━━━ Source material ━━━
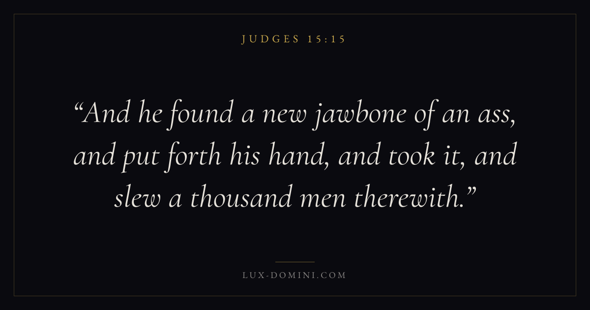 And he found a new jawbone of an ass, and put forth his hand, and took it, and slew a thousand men therewith.
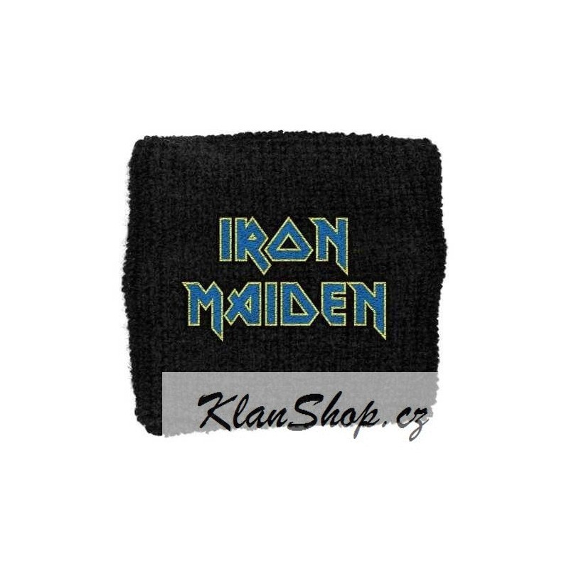 Černé potítko na zápěstí s logem (vzorem) skupiny Iron Maiden.
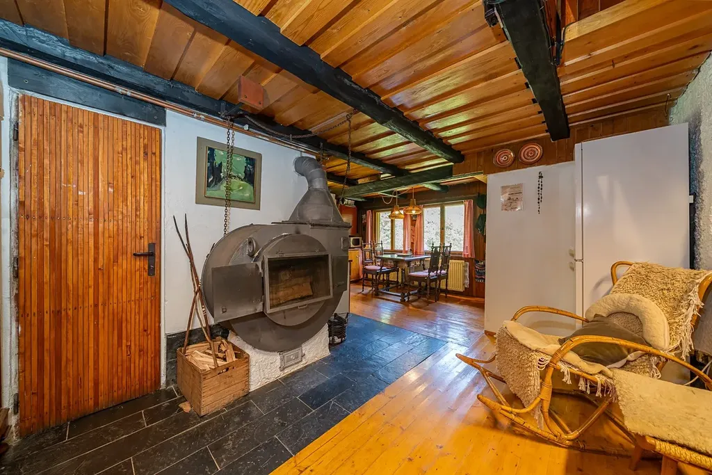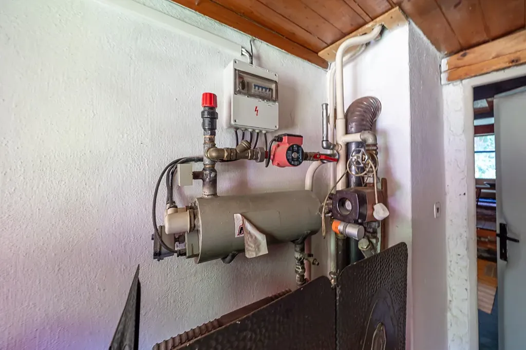 V hlavní obývací místnosti v přízemí je krb, v kuchyni stylová kamna na vaření a v technické místnosti kotel na tuhá paliva s elektrokotlem. Tento systém zajišťuje topení do radiátorů a ohřev vody.
━━━
Your answer must be the full listing, copied exactly, with no pictures in it.

 And he found a new jawbone of an ass, and put forth his hand, and took it, and slew a thousand men therewith.
 Černé potítko na zápěstí s logem (vzorem) skupiny Iron Maiden.
 V hlavní obývací místnosti v přízemí je krb, v kuchyni stylová kamna na vaření a v technické místnosti kotel na tuhá paliva s elektrokotlem. Tento systém zajišťuje topení do radiátorů a ohřev vody.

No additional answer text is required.